You are trying to change global variables without declaring them:
a = 'bad'
def bad_fn():
a = 'good'
bad_fn()
print('bad_fn() is'+a)
def good_fn():
global a
a = 'good'
good_fn()
print('good_fn() is'+a)
results in
bad_fn() is bad
good_fn() is good
In general, using global variables in bad practice. Passing parameters explicitly makes debugging and code reuse much less of a headache. Here is rewritten version of your code which should be easier to understand:
# Test the Collatz conjecture:
# http://en.wikipedia.org/wiki/Collatz_conjecture
import profile
# Python 2/3 compatibility shim
import sys
if sys.hexversion >= 0x3000000:
# Python 3.x
inp = input
rng = range
else:
# Python 2.x
inp = raw_input
rng = xrange
# cache of already-seen values
seen = set([1])
def test(n):
visited = set()
while True:
if n in seen: # Ran into an already-seen chain that goes to 1
seen.update(visited)
return len(visited)
elif n in visited: # Closed loop! this should never happen
print('Loop found at n = {}'.format(n))
return None
else:
visited.add(n)
if n % 2: # n is odd?
n = 3*n + 1
else:
n //= 2
def do_profile(upto=1000000):
prof = profile.Profile()
prof.run('for n in rng(2, {}): test(n)'.format(upto))
prof.print_stats()
def main():
while True:
try:
n = int(inp('Enter a number to test (or x to exit): '))
except ValueError:
break
res = test(n)
if res is None:
print("Well, that's odd...")
else:
print("Chain terminated after {} values were tested".format(res))
if __name__=="__main__":
main()
It took 17.7s on my machine to run do_profile(1000000). It looked at a total of 2,168,611 numbers, the highest of which was 56,991,483,520. No loops were found.

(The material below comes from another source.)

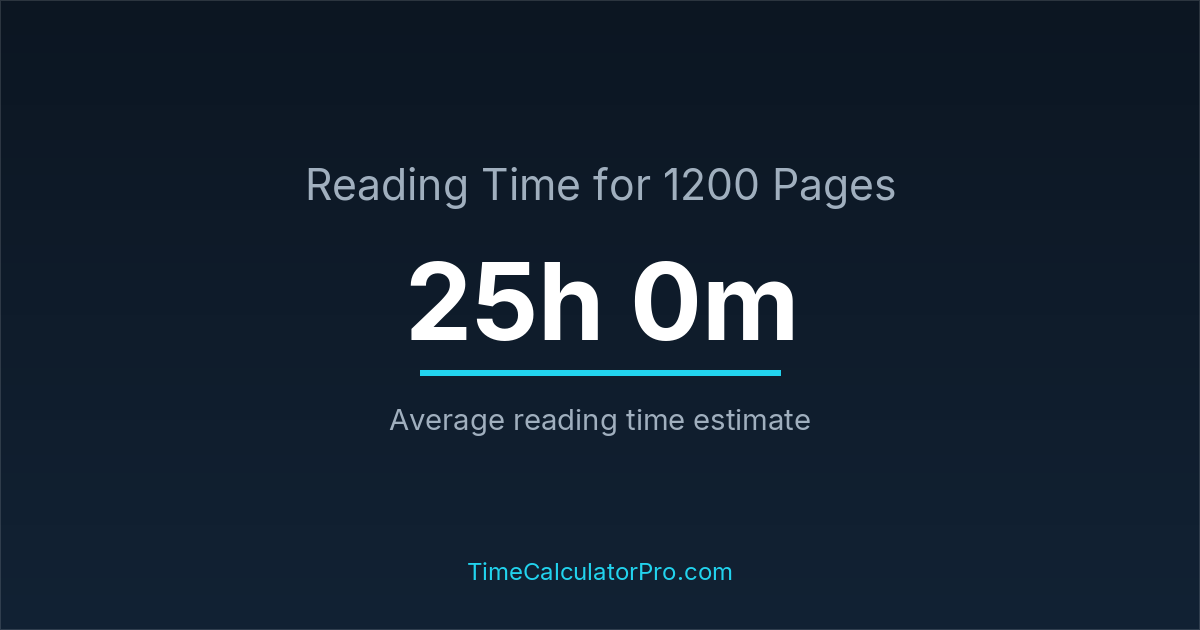 On average, reading 1200 pages may require about 25 hours and 0 minutes for most readers, assuming a standard reading pace and moderate difficulty.
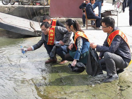活动中,环保志愿者还来到淮河边,捡拾垃圾。志愿者说,淮河是我们的母亲河,保护母亲河是我们义不容辞的责任。捡拾垃圾后,志愿者还专门在淮河提取了水样,准备拿回去做检测,以科学的方法保护资源,爱护环境。

Edit: I have added an inp() shim function; the code should now run in both Python 2 or Python 3.
Edit2: moved the profiling code into the main code listing and added range/xrange to the Python 2/3 shims.
If you want to change a global variable, you need to declare it preceded by global in your function, ie:
value = 0
def changeValue():
global value
value += 1
If you do not need to change the variable, global is not required.